How to calculate common equity
Understanding common equity is crucial for any investor considering a company’s stock. Common equity represents the total value of a company’s outstanding shares of common stock and is essential for assessing its financial health. By calculating common equity, investors can gain insight into a company’s capital structure and its ability to generate profits for shareholders. This article will provide you with a step-by-step guide on how to calculate common equity efficiently.
Step 1: Understanding Common Equity
Common equity is the residual interest in a company after all liabilities have been paid off. It primarily includes the funds raised from issuing common stock and retained earnings, which are the accumulated profits not distributed as dividends. By evaluating common equity, investors can determine if a company is financially stable, helping them make informed decisions about whether to invest in its stock.
Step 2: Finding the Balance Sheet
To calculate common equity, you will first need access to a company’s balance sheet. A balance sheet is a financial statement that provides an overview of a company’s assets, liabilities, and shareholders’ equity as of a specific date. You can obtain this from the company’s annual report or financial websites such as Yahoo Finance or Google Finance.
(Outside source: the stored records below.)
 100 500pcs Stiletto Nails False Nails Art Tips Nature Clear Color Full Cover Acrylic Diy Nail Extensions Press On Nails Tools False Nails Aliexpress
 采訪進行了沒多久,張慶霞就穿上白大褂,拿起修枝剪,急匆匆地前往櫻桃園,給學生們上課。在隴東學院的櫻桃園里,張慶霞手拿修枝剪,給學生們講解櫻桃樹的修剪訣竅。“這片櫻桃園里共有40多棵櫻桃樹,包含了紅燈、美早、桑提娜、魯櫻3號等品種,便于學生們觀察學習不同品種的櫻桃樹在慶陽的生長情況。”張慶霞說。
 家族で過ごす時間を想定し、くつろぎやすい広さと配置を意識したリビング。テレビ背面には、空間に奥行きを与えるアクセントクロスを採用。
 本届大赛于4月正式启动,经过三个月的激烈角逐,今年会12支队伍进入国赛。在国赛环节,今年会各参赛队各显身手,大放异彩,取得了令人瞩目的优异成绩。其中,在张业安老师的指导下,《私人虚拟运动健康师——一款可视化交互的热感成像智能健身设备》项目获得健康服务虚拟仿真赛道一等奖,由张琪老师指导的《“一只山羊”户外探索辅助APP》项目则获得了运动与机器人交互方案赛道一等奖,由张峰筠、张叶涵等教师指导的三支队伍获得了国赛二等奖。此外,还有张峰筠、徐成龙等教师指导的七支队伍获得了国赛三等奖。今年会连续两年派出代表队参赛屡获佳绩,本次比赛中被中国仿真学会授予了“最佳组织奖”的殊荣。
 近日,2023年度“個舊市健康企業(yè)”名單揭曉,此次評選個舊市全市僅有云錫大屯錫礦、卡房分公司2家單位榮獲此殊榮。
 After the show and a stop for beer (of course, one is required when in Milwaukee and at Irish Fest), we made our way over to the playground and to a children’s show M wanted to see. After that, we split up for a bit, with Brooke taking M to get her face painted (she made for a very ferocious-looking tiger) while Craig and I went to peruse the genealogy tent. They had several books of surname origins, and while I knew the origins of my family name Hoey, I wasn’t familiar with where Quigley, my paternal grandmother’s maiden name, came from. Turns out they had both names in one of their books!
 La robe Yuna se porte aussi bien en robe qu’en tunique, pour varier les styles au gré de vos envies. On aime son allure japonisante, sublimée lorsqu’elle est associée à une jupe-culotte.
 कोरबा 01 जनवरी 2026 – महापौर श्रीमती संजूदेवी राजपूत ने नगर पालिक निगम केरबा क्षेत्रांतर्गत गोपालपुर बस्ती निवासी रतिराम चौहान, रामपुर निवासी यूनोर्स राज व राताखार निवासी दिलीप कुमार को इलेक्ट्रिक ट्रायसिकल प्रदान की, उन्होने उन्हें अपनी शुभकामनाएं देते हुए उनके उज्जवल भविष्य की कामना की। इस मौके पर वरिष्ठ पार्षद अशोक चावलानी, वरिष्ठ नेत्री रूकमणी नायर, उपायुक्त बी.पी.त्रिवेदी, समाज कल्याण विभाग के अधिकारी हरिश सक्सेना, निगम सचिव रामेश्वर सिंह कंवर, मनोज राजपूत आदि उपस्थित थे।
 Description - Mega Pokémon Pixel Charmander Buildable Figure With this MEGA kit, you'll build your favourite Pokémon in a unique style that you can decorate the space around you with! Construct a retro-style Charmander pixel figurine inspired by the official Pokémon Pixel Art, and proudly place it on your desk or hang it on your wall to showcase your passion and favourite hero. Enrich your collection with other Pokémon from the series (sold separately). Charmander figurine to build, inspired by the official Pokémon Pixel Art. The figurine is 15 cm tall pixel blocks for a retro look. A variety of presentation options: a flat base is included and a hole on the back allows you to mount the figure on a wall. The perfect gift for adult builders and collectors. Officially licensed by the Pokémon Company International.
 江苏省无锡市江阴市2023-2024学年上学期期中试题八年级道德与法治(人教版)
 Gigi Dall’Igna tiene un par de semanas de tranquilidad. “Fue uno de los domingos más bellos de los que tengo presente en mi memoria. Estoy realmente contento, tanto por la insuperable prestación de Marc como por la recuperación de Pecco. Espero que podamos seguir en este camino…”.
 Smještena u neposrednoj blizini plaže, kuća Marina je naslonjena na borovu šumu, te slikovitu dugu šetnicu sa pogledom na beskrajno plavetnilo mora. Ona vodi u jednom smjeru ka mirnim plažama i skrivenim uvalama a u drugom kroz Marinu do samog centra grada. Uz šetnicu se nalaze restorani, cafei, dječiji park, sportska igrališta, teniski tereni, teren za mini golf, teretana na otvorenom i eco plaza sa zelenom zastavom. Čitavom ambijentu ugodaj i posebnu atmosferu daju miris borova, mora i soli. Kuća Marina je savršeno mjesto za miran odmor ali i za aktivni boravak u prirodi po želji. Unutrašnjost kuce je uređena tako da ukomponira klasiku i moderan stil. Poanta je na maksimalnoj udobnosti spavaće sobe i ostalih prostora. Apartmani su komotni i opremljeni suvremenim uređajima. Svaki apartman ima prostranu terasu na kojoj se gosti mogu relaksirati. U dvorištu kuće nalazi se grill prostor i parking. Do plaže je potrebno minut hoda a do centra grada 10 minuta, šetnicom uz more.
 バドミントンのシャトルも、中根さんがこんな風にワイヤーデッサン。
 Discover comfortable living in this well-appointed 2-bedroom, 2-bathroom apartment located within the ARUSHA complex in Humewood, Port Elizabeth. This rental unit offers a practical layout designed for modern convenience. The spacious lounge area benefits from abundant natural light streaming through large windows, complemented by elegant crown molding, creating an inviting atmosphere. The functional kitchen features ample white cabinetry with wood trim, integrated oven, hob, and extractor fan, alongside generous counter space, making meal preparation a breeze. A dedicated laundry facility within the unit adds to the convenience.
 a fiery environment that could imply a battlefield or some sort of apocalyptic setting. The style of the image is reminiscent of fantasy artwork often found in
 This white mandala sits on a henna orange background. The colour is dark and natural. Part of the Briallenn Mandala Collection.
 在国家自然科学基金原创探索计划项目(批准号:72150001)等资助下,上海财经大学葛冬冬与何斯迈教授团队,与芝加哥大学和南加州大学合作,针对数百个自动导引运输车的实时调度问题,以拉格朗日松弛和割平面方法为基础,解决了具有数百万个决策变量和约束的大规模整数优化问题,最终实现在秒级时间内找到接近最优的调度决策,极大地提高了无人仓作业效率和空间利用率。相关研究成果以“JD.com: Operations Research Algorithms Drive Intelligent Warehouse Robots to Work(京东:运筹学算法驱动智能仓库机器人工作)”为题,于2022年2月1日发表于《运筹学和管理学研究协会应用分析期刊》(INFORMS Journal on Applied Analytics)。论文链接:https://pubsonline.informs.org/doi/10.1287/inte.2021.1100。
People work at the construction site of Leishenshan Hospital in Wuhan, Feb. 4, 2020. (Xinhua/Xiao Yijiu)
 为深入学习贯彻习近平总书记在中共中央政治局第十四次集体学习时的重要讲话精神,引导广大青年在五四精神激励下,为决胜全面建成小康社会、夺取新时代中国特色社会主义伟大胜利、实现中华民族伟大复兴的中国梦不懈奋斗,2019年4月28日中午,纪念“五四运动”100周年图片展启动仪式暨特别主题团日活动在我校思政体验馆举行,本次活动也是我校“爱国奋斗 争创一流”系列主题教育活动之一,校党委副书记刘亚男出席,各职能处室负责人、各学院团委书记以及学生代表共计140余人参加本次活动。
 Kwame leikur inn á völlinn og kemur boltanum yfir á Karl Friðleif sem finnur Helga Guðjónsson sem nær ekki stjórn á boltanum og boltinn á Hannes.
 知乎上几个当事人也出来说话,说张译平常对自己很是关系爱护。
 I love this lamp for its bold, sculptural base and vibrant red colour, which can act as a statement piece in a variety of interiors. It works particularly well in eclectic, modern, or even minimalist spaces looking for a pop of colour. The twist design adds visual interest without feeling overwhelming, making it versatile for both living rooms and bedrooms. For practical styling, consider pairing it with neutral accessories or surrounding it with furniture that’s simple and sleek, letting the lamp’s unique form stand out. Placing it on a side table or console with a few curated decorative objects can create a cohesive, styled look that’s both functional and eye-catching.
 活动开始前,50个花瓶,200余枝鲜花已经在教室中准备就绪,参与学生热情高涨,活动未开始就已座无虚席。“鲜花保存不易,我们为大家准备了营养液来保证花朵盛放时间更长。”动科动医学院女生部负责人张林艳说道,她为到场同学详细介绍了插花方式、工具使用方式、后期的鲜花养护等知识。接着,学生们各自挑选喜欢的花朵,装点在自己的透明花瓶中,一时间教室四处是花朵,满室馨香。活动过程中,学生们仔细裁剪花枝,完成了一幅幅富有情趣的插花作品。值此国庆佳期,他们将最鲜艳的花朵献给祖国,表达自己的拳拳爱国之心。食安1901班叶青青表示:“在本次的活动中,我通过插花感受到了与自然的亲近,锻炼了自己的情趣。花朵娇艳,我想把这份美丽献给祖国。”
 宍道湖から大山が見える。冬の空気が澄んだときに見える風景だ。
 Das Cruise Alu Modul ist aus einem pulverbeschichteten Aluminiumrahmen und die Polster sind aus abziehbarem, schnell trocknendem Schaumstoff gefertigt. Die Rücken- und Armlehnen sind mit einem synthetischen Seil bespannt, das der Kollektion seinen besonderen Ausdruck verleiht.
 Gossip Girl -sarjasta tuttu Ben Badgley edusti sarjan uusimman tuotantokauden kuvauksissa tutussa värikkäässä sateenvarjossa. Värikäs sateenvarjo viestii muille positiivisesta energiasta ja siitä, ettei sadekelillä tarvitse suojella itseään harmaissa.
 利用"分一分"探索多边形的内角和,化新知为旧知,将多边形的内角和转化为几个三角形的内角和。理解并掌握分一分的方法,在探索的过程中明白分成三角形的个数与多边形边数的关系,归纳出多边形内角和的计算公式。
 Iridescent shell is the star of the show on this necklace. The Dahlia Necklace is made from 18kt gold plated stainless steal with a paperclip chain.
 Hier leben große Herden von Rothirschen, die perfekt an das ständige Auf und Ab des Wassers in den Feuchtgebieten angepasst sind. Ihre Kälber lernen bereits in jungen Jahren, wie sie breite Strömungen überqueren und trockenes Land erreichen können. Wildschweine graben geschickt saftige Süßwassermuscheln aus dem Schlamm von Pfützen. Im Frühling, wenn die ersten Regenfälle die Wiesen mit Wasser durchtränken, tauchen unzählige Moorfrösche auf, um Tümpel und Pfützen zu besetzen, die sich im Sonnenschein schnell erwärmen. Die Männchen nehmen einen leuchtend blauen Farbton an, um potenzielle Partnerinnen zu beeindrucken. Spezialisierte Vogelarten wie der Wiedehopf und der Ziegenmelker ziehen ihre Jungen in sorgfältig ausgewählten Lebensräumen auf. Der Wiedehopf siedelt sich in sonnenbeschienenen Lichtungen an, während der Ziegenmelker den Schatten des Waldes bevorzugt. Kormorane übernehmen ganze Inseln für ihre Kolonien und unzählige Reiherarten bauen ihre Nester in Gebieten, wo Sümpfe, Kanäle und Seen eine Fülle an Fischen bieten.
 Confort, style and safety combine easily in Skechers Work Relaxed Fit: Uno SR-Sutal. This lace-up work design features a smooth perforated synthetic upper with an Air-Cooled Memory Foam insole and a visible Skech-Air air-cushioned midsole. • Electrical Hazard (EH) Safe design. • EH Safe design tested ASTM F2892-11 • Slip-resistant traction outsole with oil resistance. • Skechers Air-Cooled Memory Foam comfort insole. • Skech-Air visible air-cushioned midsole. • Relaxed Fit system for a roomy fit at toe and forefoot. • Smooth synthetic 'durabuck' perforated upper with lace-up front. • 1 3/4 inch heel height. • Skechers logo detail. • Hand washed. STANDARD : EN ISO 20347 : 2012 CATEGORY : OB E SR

Step 3: Locating Shareholders’ Equity
Once you have the balance sheet, find the section called “Shareholders’ Equity” or “Stockholders’ Equity”. This section contains all information necessary to calculate common equity.
Step 4: Calculating Total Shareholders’ Equity
In your balance sheet’s equity section, identify the line item “Total Shareholders’ Equity.” This line represents the sum of all forms of equity (common and preferred) owned by shareholders.
Step 5: Identifying Preferred Stock
For companies that issue preferred stock alongside common stock in their capital structure, it is essential to separate them to accurately compute common equity. Identify any line items related to preferred stock in the shareholders’ equity section.
Step 6: Subtracting Preferred Equity from Total Shareholders’ Equity
Subtract the value of preferred equity from the total shareholders’ equity. The result will provide you with the company’s common equity.
Common Equity = Total Shareholders’ Equity – Preferred Stock
Example:
Let’s assume Company X issued both preferred and common shares. The balance sheet’s equity section displays the following values:
– Total Shareholders’ Equity: $1,000,000
– Preferred Stock: $200,000
Common Equity = $1,000,000 – $200,000 = $800,000
For Company X, its common equity is $800,000.
By following these steps, you can efficiently calculate common equity and use this figure to assess a company’s financial health better. Analyzing common equity is crucial for investors as it provides essential information about a company’s capital structure and ability to generate value for its shareholders.